* [Action item]:
Pictures excluded, copy every record that follows exactly as it appears.

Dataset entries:
⟨

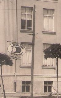 Lehet, tévedek, de a sok nyitott ablak miatt nekem úgy tűnik, mintha a Baross utcai épületet még az átadás előtt örökítették volna meg. A gépipari lassan kilencven éve ugyanígy néz ki, annak ellenére, hogy az elmúlt évtizedekben váltott néhányszor nevet. A fotó egyetlen érdekessége a rákerült reklámtábla, ami a Lardoline motorolajat hirdet. Hozzáértők szerint azért, mert ekkoriban az Eötvös téren vagy a közelében is működött üzemanyagtöltő állomás.
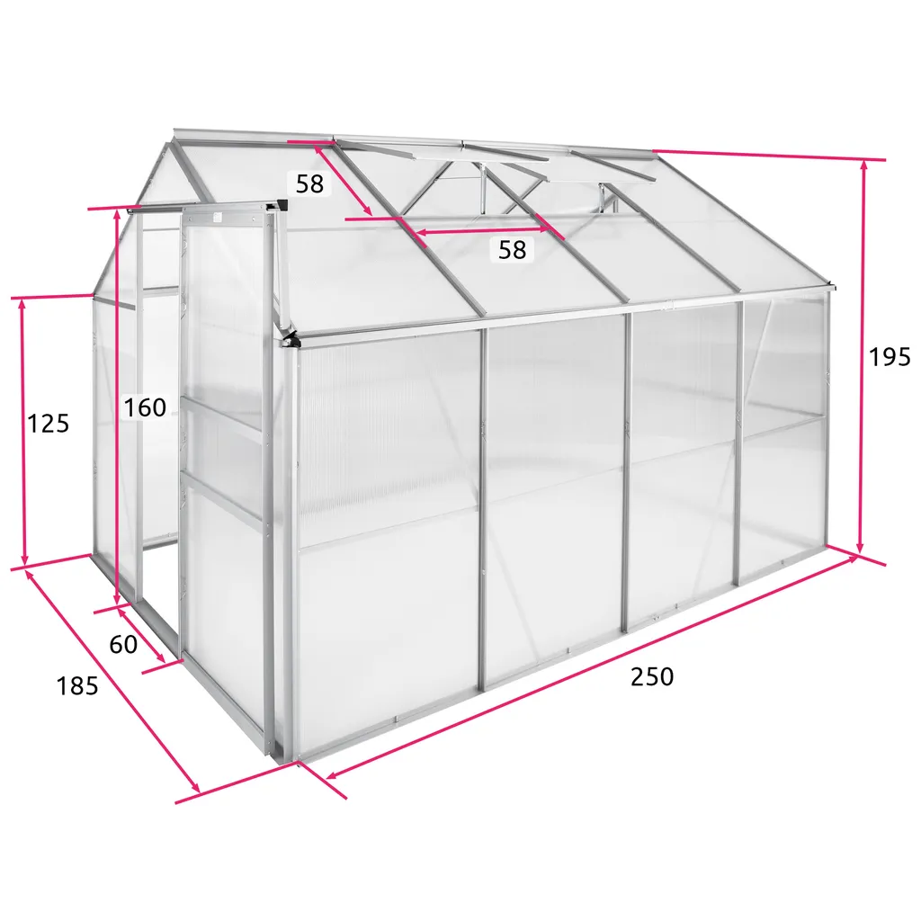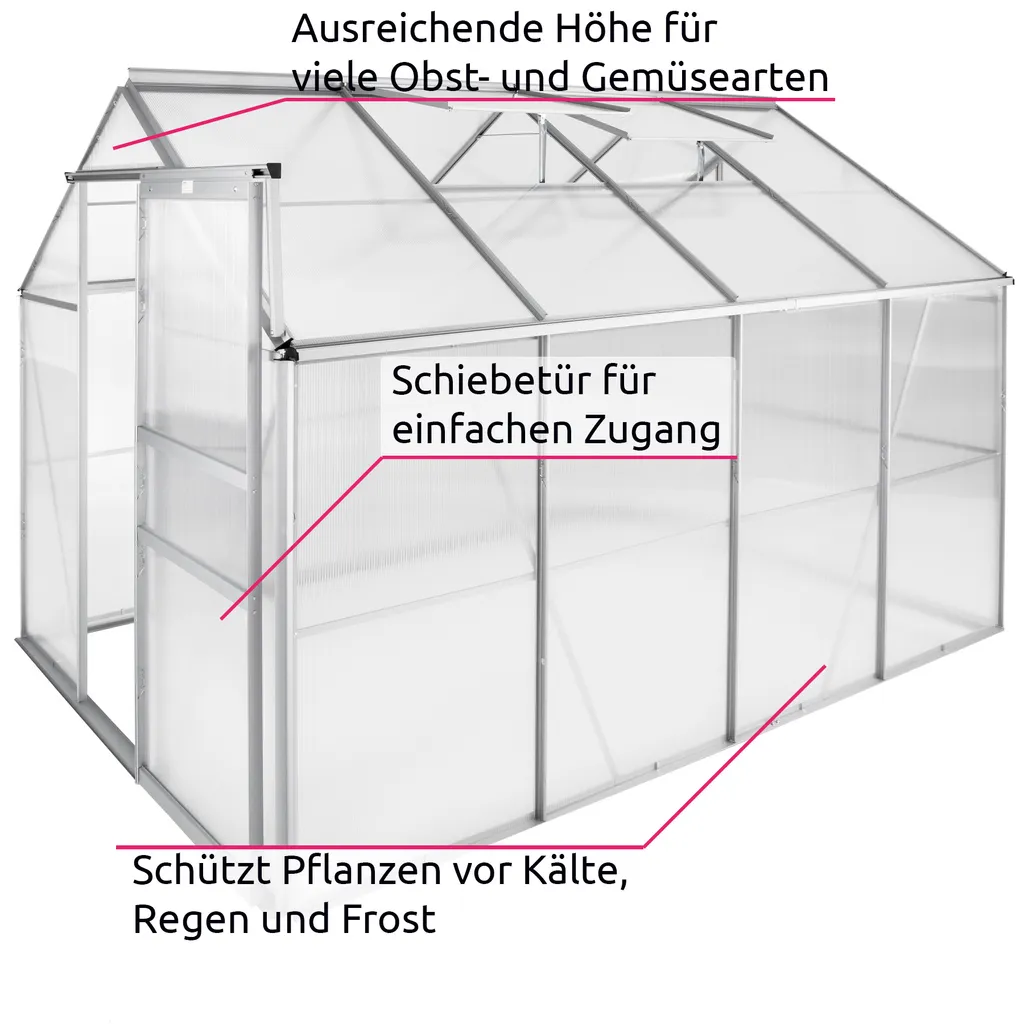Tectake Gewächshaus Aus Aluminium Ohne Fundament – 250 X 185 X 195 Cm
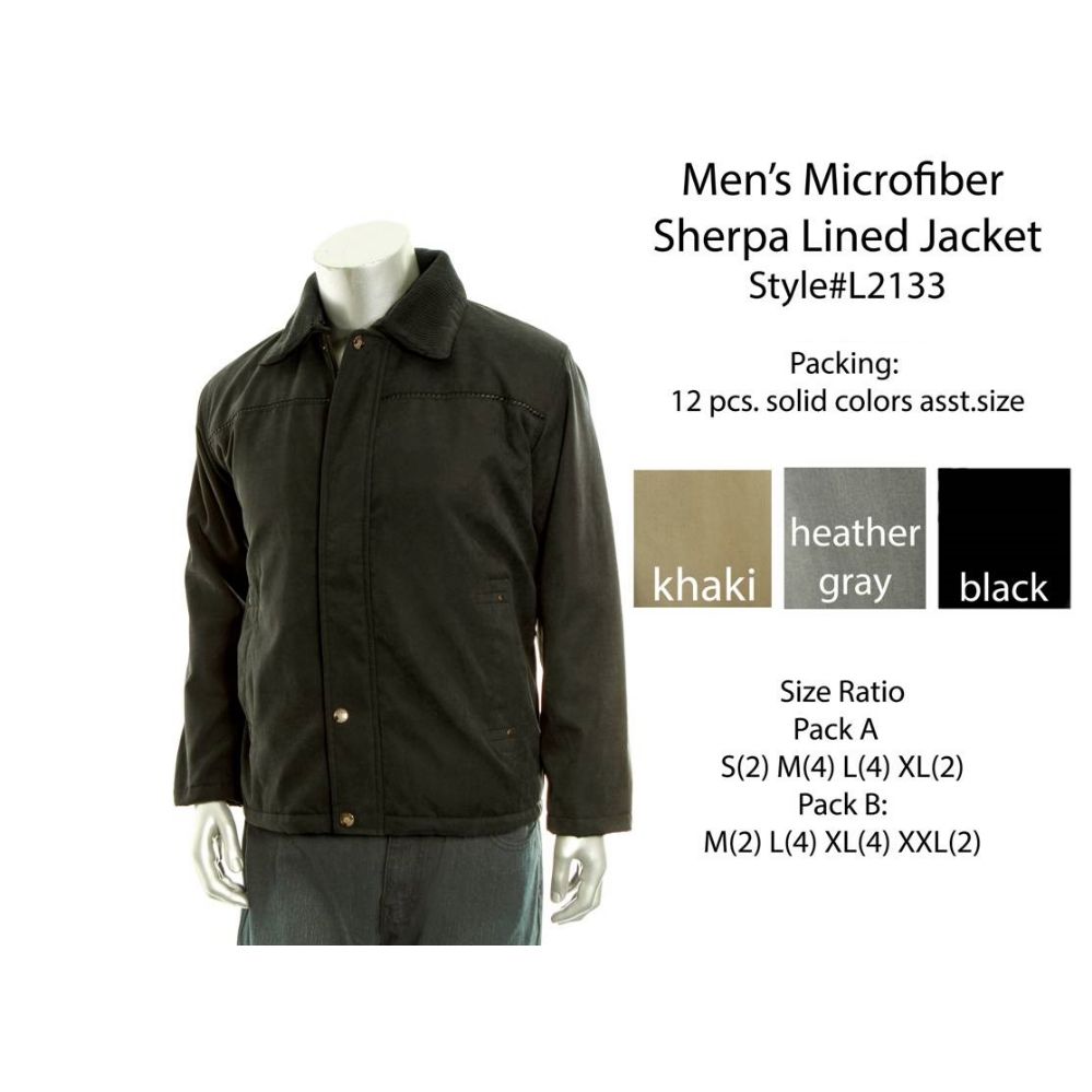 Brave the cold in this microfiber winter jacket. It features a plush Sherpa lining for ultimate warmth and a durable microfiber exterior to block wind, making it a reliable choice for the winter season.
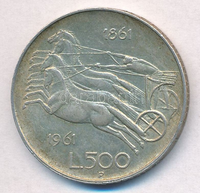 Ital... https://www.darabanth.com/de/309-Fernauktion/309.0/Numismatik/Weltweit-Munzen~400013/Olaszorszag-1961-500L-Ag-Olasz-egyseg-szazadforduloja-T2-ph--Italy-1961-500-Lire-Ag-Itali~II1678327
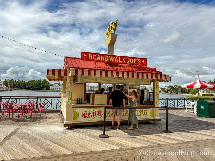 If you’re looking for one of the best places to grab a quick drink to sip as you stroll around Disney World, there’s no better place we have in mind than BoardWalk Joe’s. This stand found at Disney’s BoardWalk is known mostly for its “Marvelous Margaritas!” It’s nestled right in between the likes of notable Disney World restaurants like AbracadaBar, Trattoria al Forno, and its newest neighbors, The Cake Bake Shop and Blue Ribbon Corn Dogs.

⟩

* [Answer for this exercise]:
 Lehet, tévedek, de a sok nyitott ablak miatt nekem úgy tűnik, mintha a Baross utcai épületet még az átadás előtt örökítették volna meg. A gépipari lassan kilencven éve ugyanígy néz ki, annak ellenére, hogy az elmúlt évtizedekben váltott néhányszor nevet. A fotó egyetlen érdekessége a rákerült reklámtábla, ami a Lardoline motorolajat hirdet. Hozzáértők szerint azért, mert ekkoriban az Eötvös téren vagy a közelében is működött üzemanyagtöltő állomás.
Tectake Gewächshaus Aus Aluminium Ohne Fundament – 250 X 185 X 195 Cm
 Brave the cold in this microfiber winter jacket. It features a plush Sherpa lining for ultimate warmth and a durable microfiber exterior to block wind, making it a reliable choice for the winter season.
 Ital... https://www.darabanth.com/de/309-Fernauktion/309.0/Numismatik/Weltweit-Munzen~400013/Olaszorszag-1961-500L-Ag-Olasz-egyseg-szazadforduloja-T2-ph--Italy-1961-500-Lire-Ag-Itali~II1678327
 If you’re looking for one of the best places to grab a quick drink to sip as you stroll around Disney World, there’s no better place we have in mind than BoardWalk Joe’s. This stand found at Disney’s BoardWalk is known mostly for its “Marvelous Margaritas!” It’s nestled right in between the likes of notable Disney World restaurants like AbracadaBar, Trattoria al Forno, and its newest neighbors, The Cake Bake Shop and Blue Ribbon Corn Dogs.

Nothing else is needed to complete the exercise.